Biliyorum; çok acı ve ağır bir başlık; ne anlama geldiğinden haberim var. İçim kan ağlayarak atıyorum bu başlığı. Umutsuzluk falan değil, bir endişe ve erken uyarı, belki de erken uyarı bile değil, geç kalmış bir alarm.

Madde manayı teslim almış ya da almak üzere, şekil özü boğmuş ya da öz son nefesini vermek üzere ve biz son derece önemli bir seçime giderken manayı bir kenara bırakmış sadece maddenin muhtemel nimetlerine odaklanmış vaziyetteyiz. Niteliği niceliğe, mazrufu zarfa kurban vermişiz ama hiç mi hiç umursamıyoruz. Her şeyi maddeyle ölçen, alan ve satan bir toplum olduk, ama ya farkında değiliz ya da bunu bile umursamıyoruz.

Gelenekten bahsediyoruz olur olmaz yerde, 'Osmanlı torunu' olmakla övünüyoruz Osmanlıdan bihaber olduğumuz halde. Geleneği adaptan, edepten, nezaketten, hadden, izzetten, iffetten, irfandan soyutlayarak sadece şekle, o da kıl ve kılıktan ibaret bir şekle hapseden medeniyet fukaralığının Osmanlı'ya halef olmak iddiası kadar acı ve komik bir iddia olabilir mi?

Sadece 'mekanik bir büyüklük' değildir Osmanlı, bir inceliktir, bir tevazudur, bir uyumdur. Osmanlı mimarisi insanı ezen devasa büyüklüklerin peşinde koşmaz tam tersine insanla uyumlu ölçülere hapseder mimariyi. Alın o güzelim selatin camilerini, alın o birbirinden güzel mescitleri ve de tam iki asır cihana nizam verilen mekan olan Topkapı sarayını. O sebiller, o hacet taşları, o namazgahlar ve daha niceleri, o imbikten süzülmüş bir zarafeti ve insana ve çevreye saygılı bir büyük medeniyeti temsil eder.

'Selam kelamdan önce gelir' diyen ve bunu hayatın düsturu yapan, birbirine 'mirim, üstadım, iki gözüm, efendim' diye hitap eden bir medeniyet mensuplarının torunu olmakla vara yoğa övünenlerinin selam pintiliğine mi yanmalıyım yoksa hitap saygısızlığına mı hayıflanmalıyım? Bilemiyorum ama yaşadıklarım, gördüklerim karşısında kahroluyorum.

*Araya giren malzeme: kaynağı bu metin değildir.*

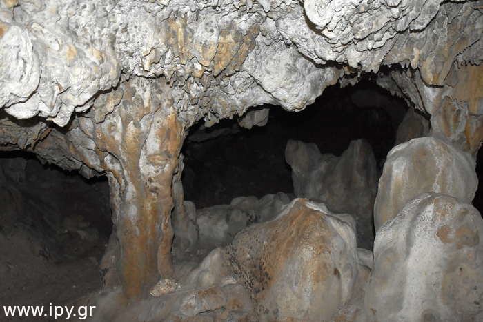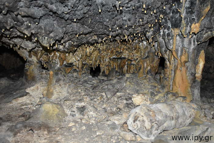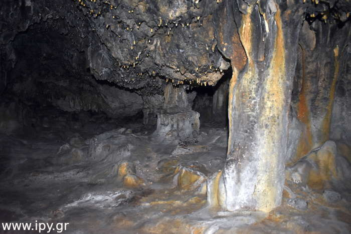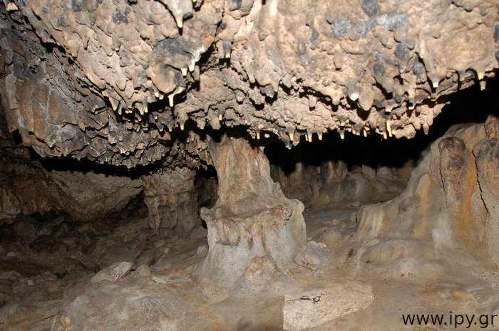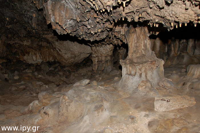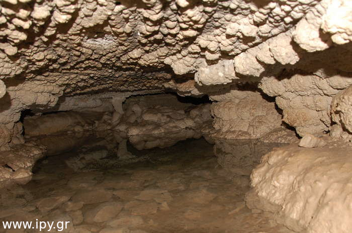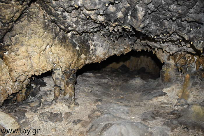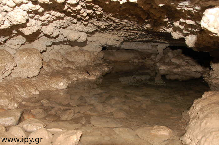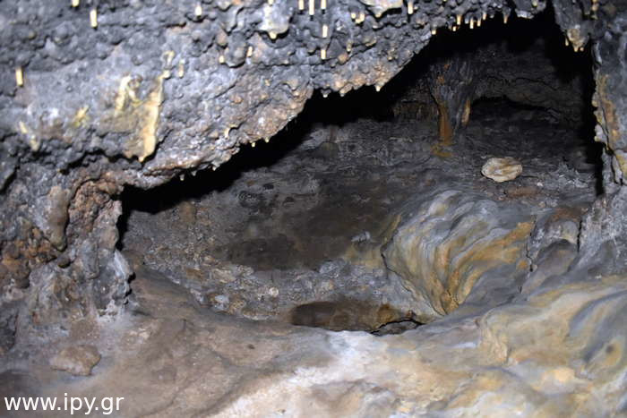 Αριστερά αμέσως μετά το σιφόνι, υπάρχει ένα ακόμη στενότερο πέρασμα από το πρώτο, μόλις το περάσεις θα βρεθείς σε μια μεγάλη και άνετη σχετικά αίθουσα που μπορείς να καθίσεις άνετα. Όλες τις φορές που έχω μπει στο σπήλαιο ήταν μετά το καλοκαίρι, το σπήλαιο με εξαίρεση την δεξαμενή που ανέφερα ήταν ξερό, τα ίχνη όμως από την υγρασία μαρτυρούν πως κάθε βαθούλωμα στο έδαφος τον υπόλοιπο χρόνο θα είχε αρκετό νερό. Αναρίθμητοι φαντάζουν οι μικροί λευκοί σταλακτίτες μέχρι δύο τρία εκατοστά το πολύ, τόσο είναι στα σημεία που δεν έχουν σπάσει, διότι σπάνε πολύ εύκολα.
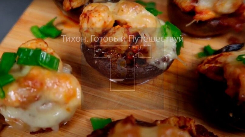 Тёплая закуска из грибов, сыра и курицы — отличное украшение праздничного стола! Теплые тарталетки из шампиньонов с куриной грудкой и под сырной шапкой — это простая и вкусная идея закуски. Тарталетки из шампиньонов станут великолепным украшением стола на праздник или Новый год. Запеченные в духовке грибы с пряной ароматной курочкой. Вкуснятина! Так что еще нужно для счастья?) Для приготовления вам понадобятся: — Шампиньоны — 8-10 шт — сыр — 100г — куриная грудка, 200г — ¼ луковицы — соль — перец — чеснок — паприка Способ приготовления: Первым делом у шампиньонов вырезаем маленьким ножом ножки. Так мы придадим грибам форму тарталеток. Потом мы укладываем в смазанную маслом форму для запекания наши будущие тарталетки. А ножки шампиньонов мы измельчаем. Они нужны для начинки. Я нарезаю ножки мелким кубиком. К начинке добавляем ¼ луковицы. И куриную грудку. Кусочки в начинке старайтесь нарезать примерно одного размера. Небольшое количество масла наливаем на сковороду. Ждем, когда разогрее
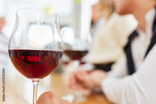 Glas Rotwein im Restaurant vor Gruppe Freunde beim Essen
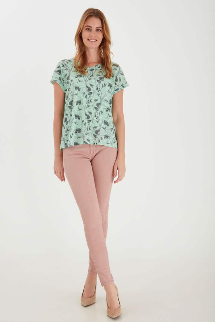 Smart Lysegrøn Fransa T – Shirt med V halsudskæring samt med korte vinge ærmer som har et lille ombuk. Denne Fransa T – Shirt er med et smart print af blomster. Kvaliteten er let og i en blandings kvalitet af Polyester/Bomuld. Styl denne smarte Fransa T-Shirt til jeans – Shorts – over dine nederdele for et lækkert look. Fransa er kendt for deres super kvaliteter som ikke forandrer sig i vask
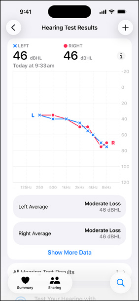 Private, secure and easy to manage. All your Hearing Test data is privately and securely stored in the Health app on your device. You can retake the test whenever you want, monitor your hearing over time, download your test results and read helpful articles about hearing health.
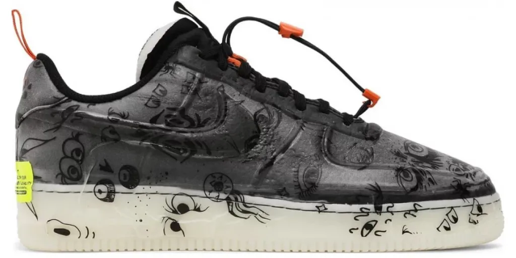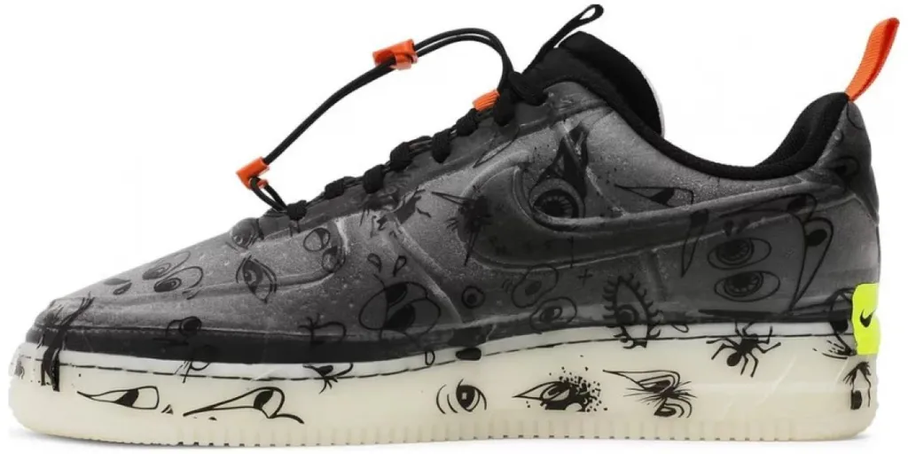 Nike Air Force 1 Experimental — еще одна модель, которая вошла в тематическую коллекцию «Halloween Pack» 2021 года в преддверии Хэллоуина. Кроссовки выполнены в черной и белой расцветке и отличаются принтом в виде разнообразных глаз. Также в темноте светится весь верх и подошва.

Bir dostum 'biz son kuşağız o medeniyetin kültürünü yaşayan' demişti bir sohbet esnasında. Haklıydı, biz o medeniyetin son çağını yakaladık, lezzetini tattık ama ne yazık ki o güzellikleri bizden sonraki nesle aktaramadık. Belki de hüznümüzün büyüklüğü ve giderek taşınamaz olması bundadır.

'Selamsız, saygısız, sevgisiz bir dünyaya' gidiş benim gözümde felakete gidiştir ve bu yazıya bu başlığı verişimde bundandır. Gençleri suçlamak çok kolay ama ahlaki değil. O gençler bizim eserimiz, anne baba olarak, eğitimciler olarak ama hepsinden de önemlisi siyasetçiler ve yöneticiler olarak bizim eserimiz. Onları suçlamak değil, yaptıklarının yanlış olduğunu söylemek, hayır söylemek yetmez, doğru örneklerini ortaya koyarak onlara anlatmak zorundayız. Ne yazık ki, ne asıl sorunun farkındayız ne de çözüm arayışındayız.

Yeni bir seçime gittiğimiz şu günlerde iktidarıyla muhalefetiyle hemen herkes maddenin, maddi değerlerin derdinde. Biri beş verirse diğeri on vermek vadinde. Ama 'manevi değerlerden, Osmanlı medeniyetinin adap, edep, insan ve çevre anlayışından' bahseden yok. Bilinmediğinden ya da önemsenmediğinden mi? Yoksa seçmen nezdinde satın alınmayacağı düşünüldüğünden mi?

Evet; biz o güzellikleri gören, yaşayan ama yaşatamayan son nesiliz. Belki de hüznümüz bundandır.